WHAT YOU ARE ASKED TO DO
Within the lines below, the span from the line with "1枚で楽に着れるワンピースで" to the line with "Gold bond certificate", both ends included, is to be reproduced exactly, with pictures omitted.

*** Opening STUDY MATERIAL ***

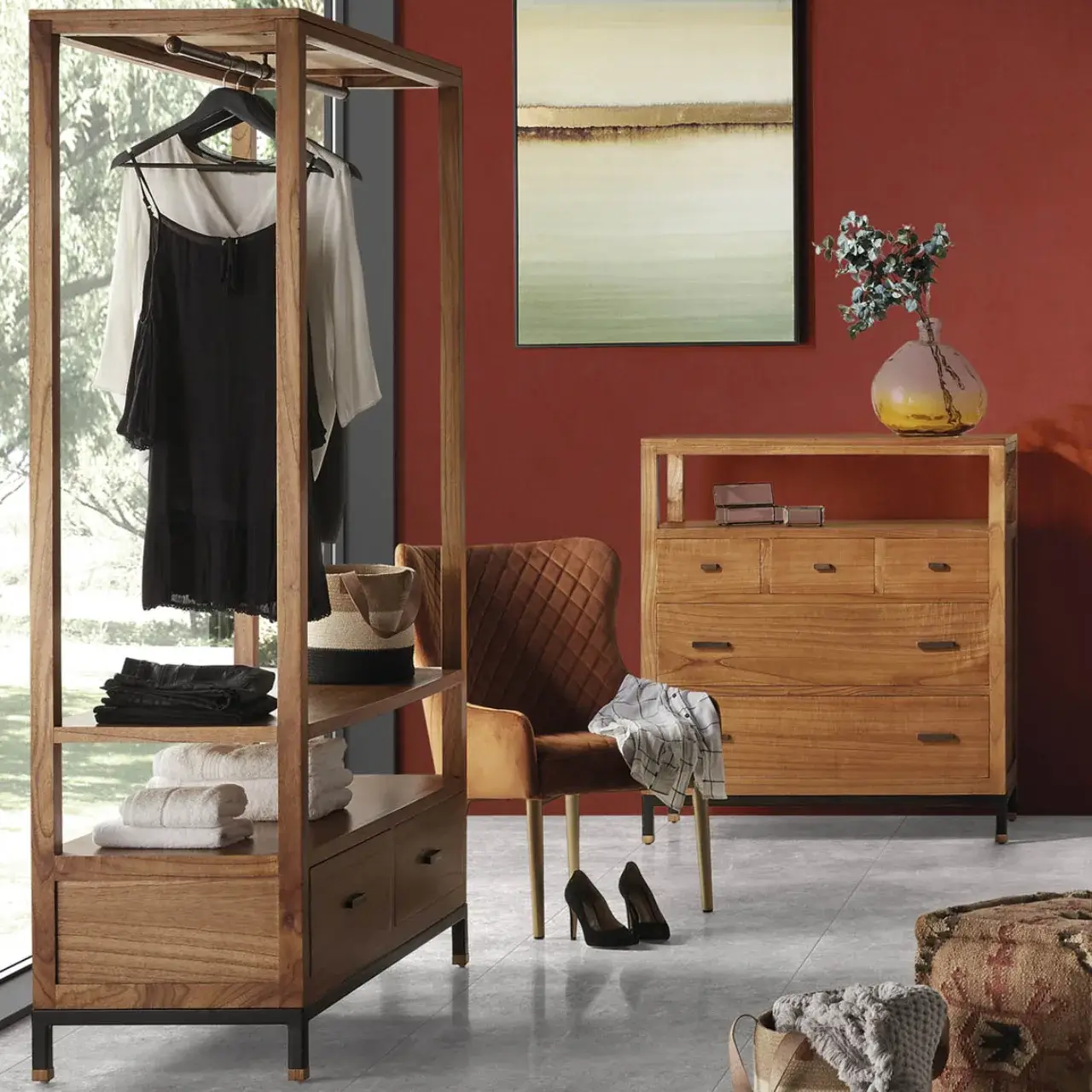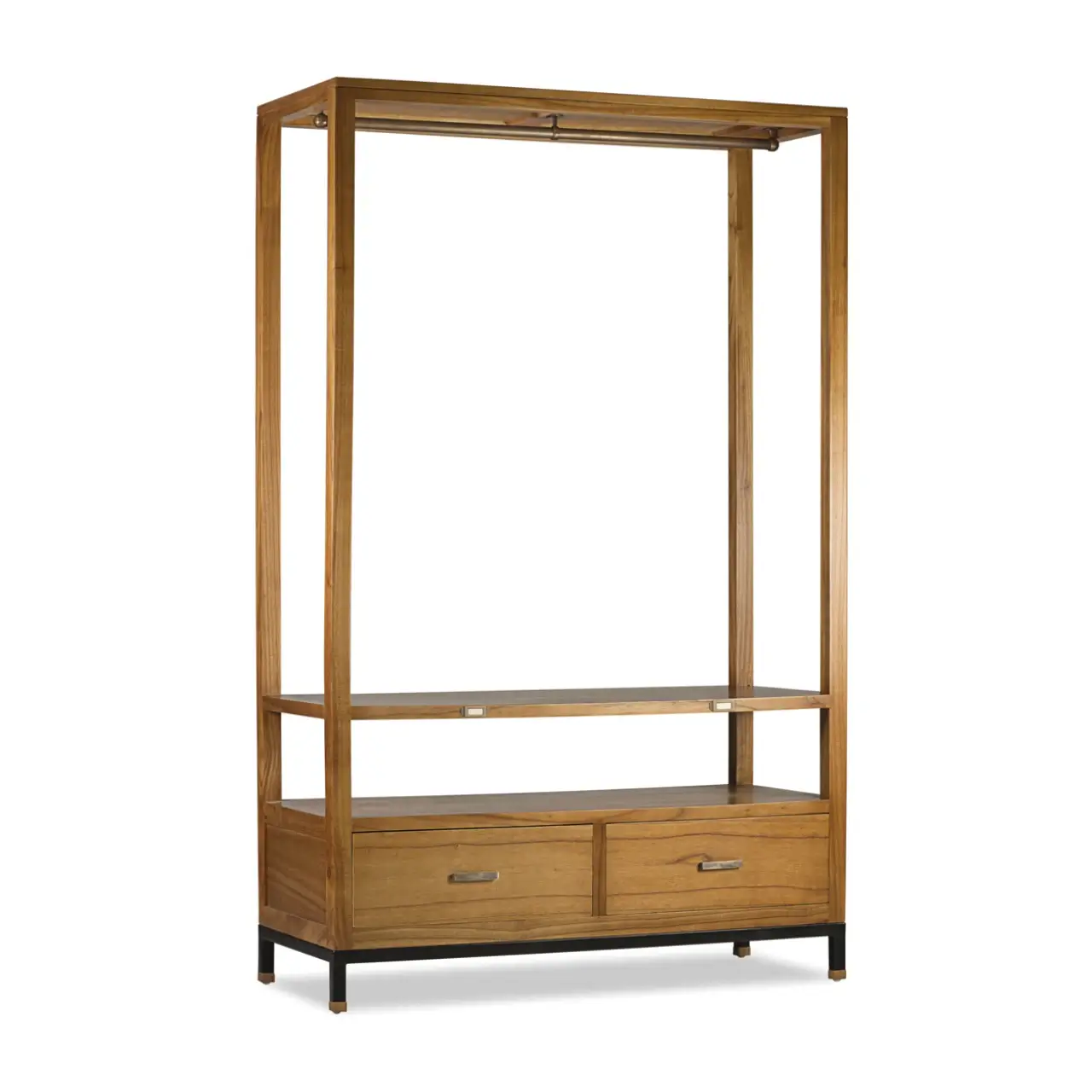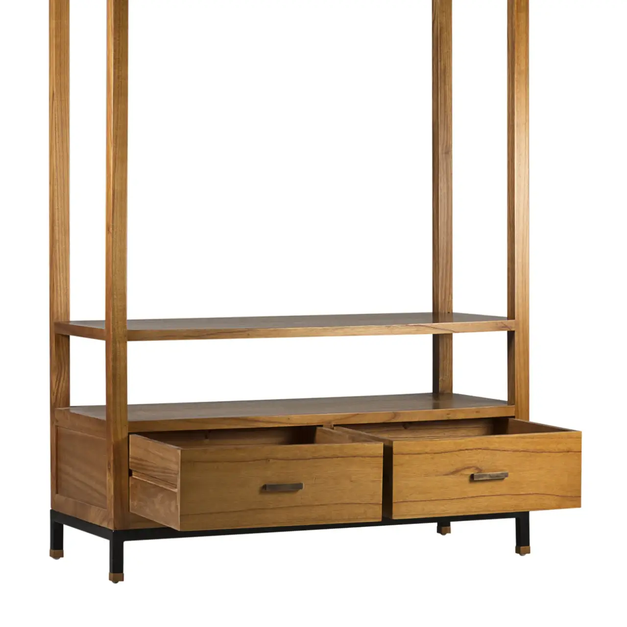 Mueble Auxiliar Colgador Madhu 2 Cajones 1 Hueco es una armario imprescindible para cualquier hogar. Hecho a mano y diseñado con un fino Madera de Mindi, este mueble ofrecerá un toque sofisticado a su espacio, que destaca por los accesorios de bronce y su estructura en hierro, dando un aspecto contemporáneo y elegante a cualquier habitación.
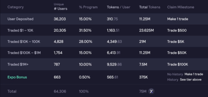 The number of tokens received by each user was determined by their previous trading actively on the platform, with the lowest tier user receiving 310 tokens for trading at least $1 on the exchange, and the highest tier user earning 9,529 tokens for trading volumes exceeding $1 million.
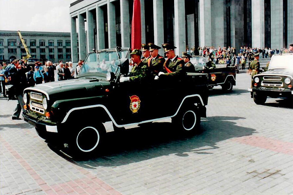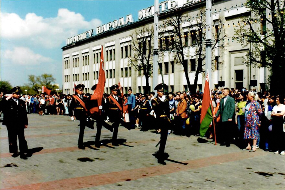 Признаться, когда кортеж остановился на Октябрьской площади Минска и Военный оркестр исполнил "Встречный марш", я позволил себе вольность. Люди просили, ветераны - и я, вопреки правилам музейной сохранности реликвий, отдал приказ: впервые за половину столетия прямо на улице расчехлить Знамя. Я был убежден, и убежден до сих пор, что Беларусь заслужила принять победоносное Знамя, и что такое событие вряд ли повторится в истории.
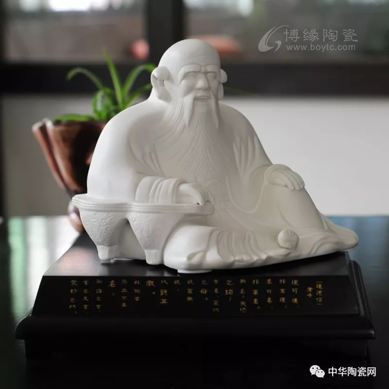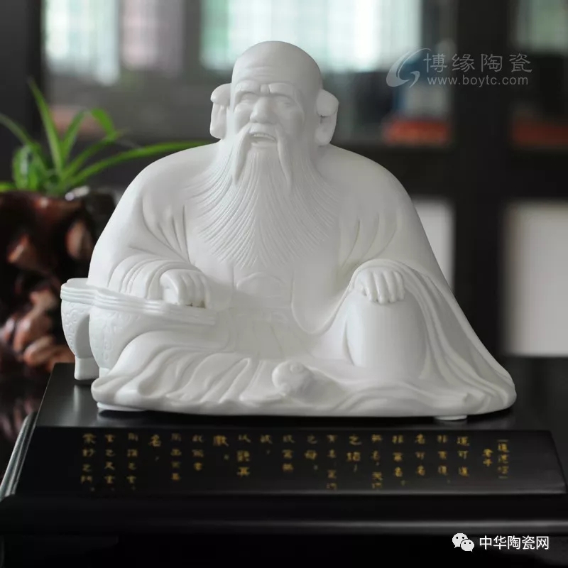 作品老子白发飘然,稳如山岳,左手扶膝,右手凭几,垂耳飘髯,指能弹物,目光炯炯,独具超尘脱俗,仙风道骨神韵。人物的面部刻画得非常传神,衣纹的处理也颇具动感,整个人物给人一气呵成之感,形象精致生动。整座白瓷佛像神态浩然,和蔼可亲,炳焕生光,充满魅力,是一件上乘作品。
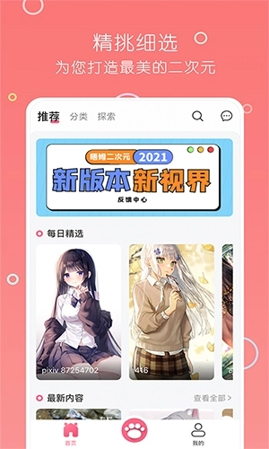 在本站打开软件后,首界面会依据不同的标签分类来陈列图片。
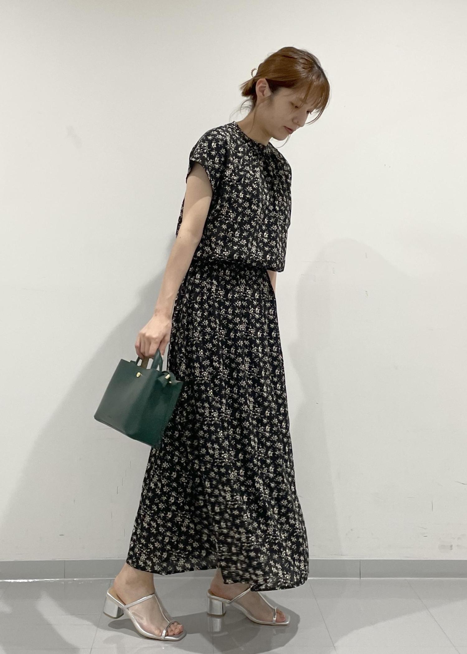 1枚で楽に着れるワンピースでデザインも可愛いので気分が上がります♪サンダルの透け感も夏らしさを感じさせてくれます!
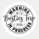 Warning Besties Trip in Progress Black on White Runder Aufkleber
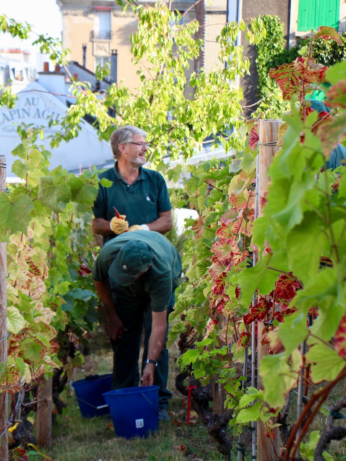 On constate cette année que le raisin est très mur et dans un bel état, grâce aux conditions climatiques exceptionnelles de cet été, et malgré l’orage de grêle qui s’est abattu sur le 18e arrondissement le 27 juillet dernier. Il faut dire que Vincent (ça ne s’invente pas !), le vigneron en charge du Clos Montmartre, travaille beaucoup pour compenser le manque d’exposition au soleil de la vigne, notamment par la taille des feuilles, ce qui permet d’augmenter la maturité et la saveur du raisin. Le réchauffement climatique permet également d’améliorer progressivement la qualité du vin de Montmartre, un vin qui reste, pour Sylviane Leplâtre, œnologue de la Ville de Paris, incomparable.
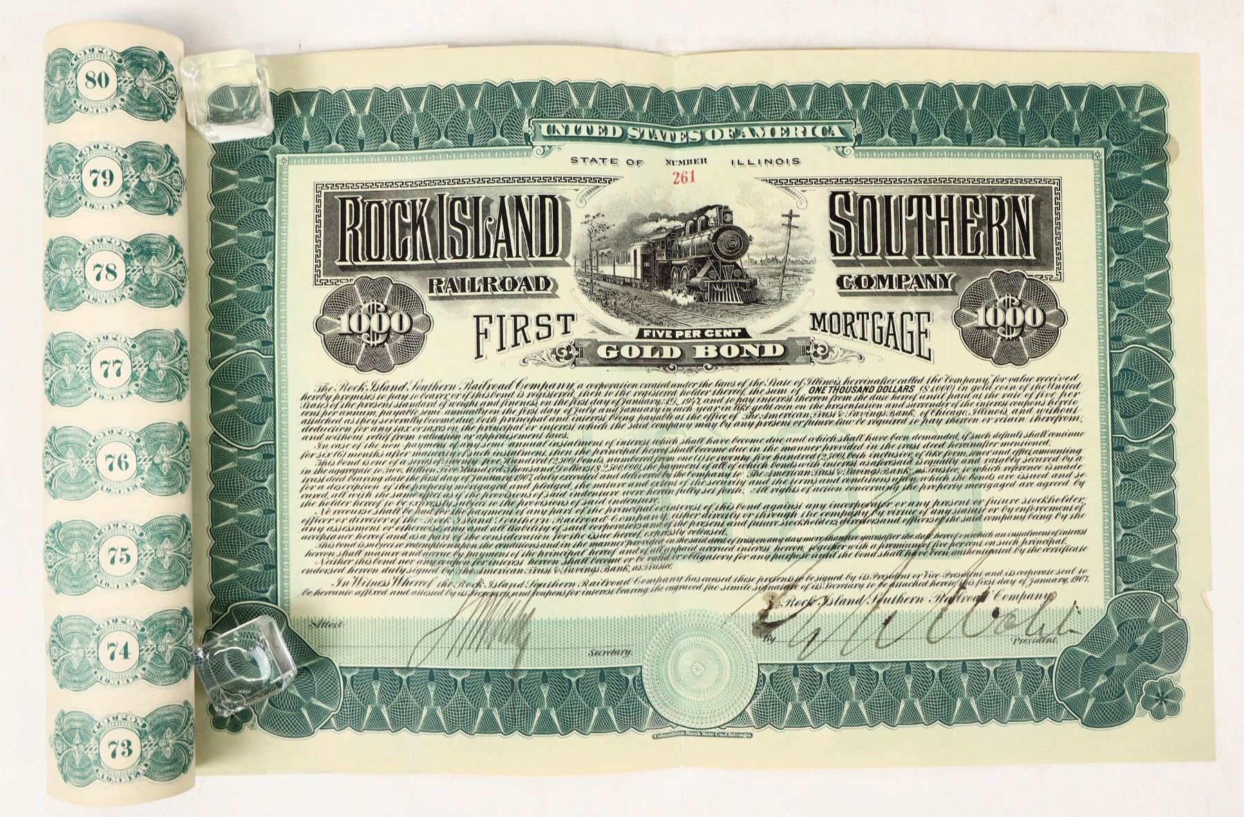 Gold bond certificate ($1000, 5%) from the Rock Island Southern Railroad Company, dated 1907. Issued w/ signatures of president and secretary, uncancelled. Two pages of bond coupons attached, one fully intact, one missing 23 coupons. Nice locomotive vignette. Good condition; see photos.
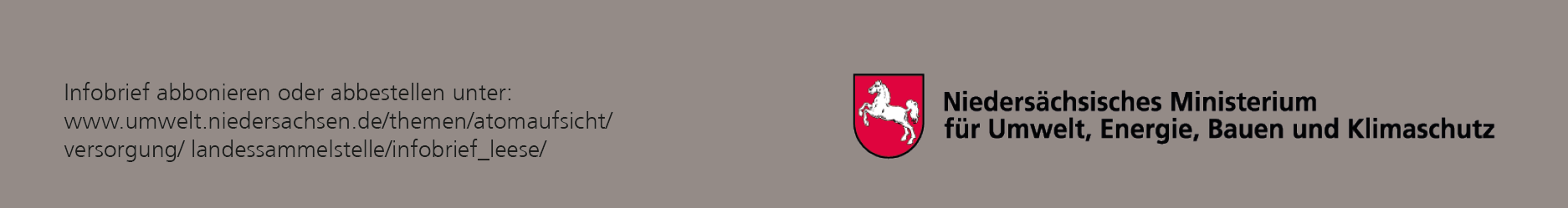 Das Niedersächsische Ministerium für Umwelt, Energie, Bauen und Klimaschutz gibt zu aktuellen Themen, die das Zwischenlager Leese betreffen, in unregelmäßigen Abständen Infobriefe heraus. Die Texte werden sowohl auf unserer Internetseite veröffentlicht als auch per Mail an interessierte Leserinnen und Leser geschickt. Der Infobrief kann auch abonniert werden.
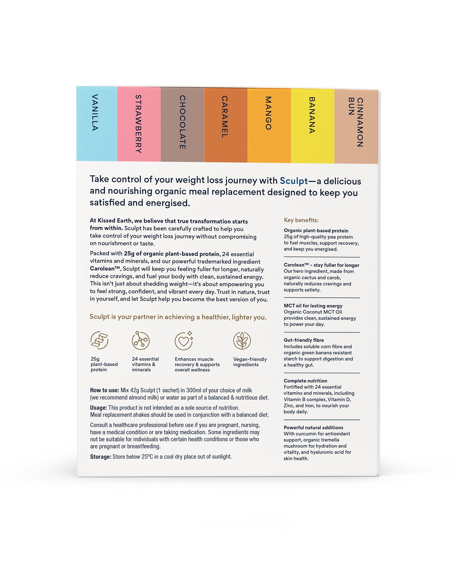 At Kissed Earth, we believe that true transformation starts from within. Sculpt has been carefully crafted to help you take control of your weight loss journey without compromising on nourishment or taste.

*** Closing STUDY MATERIAL ***

RESPONSE TO THIS EXERCISE
 1枚で楽に着れるワンピースでデザインも可愛いので気分が上がります♪サンダルの透け感も夏らしさを感じさせてくれます!
 Warning Besties Trip in Progress Black on White Runder Aufkleber
 On constate cette année que le raisin est très mur et dans un bel état, grâce aux conditions climatiques exceptionnelles de cet été, et malgré l’orage de grêle qui s’est abattu sur le 18e arrondissement le 27 juillet dernier. Il faut dire que Vincent (ça ne s’invente pas !), le vigneron en charge du Clos Montmartre, travaille beaucoup pour compenser le manque d’exposition au soleil de la vigne, notamment par la taille des feuilles, ce qui permet d’augmenter la maturité et la saveur du raisin. Le réchauffement climatique permet également d’améliorer progressivement la qualité du vin de Montmartre, un vin qui reste, pour Sylviane Leplâtre, œnologue de la Ville de Paris, incomparable.
 Gold bond certificate ($1000, 5%) from the Rock Island Southern Railroad Company, dated 1907. Issued w/ signatures of president and secretary, uncancelled. Two pages of bond coupons attached, one fully intact, one missing 23 coupons. Nice locomotive vignette. Good condition; see photos.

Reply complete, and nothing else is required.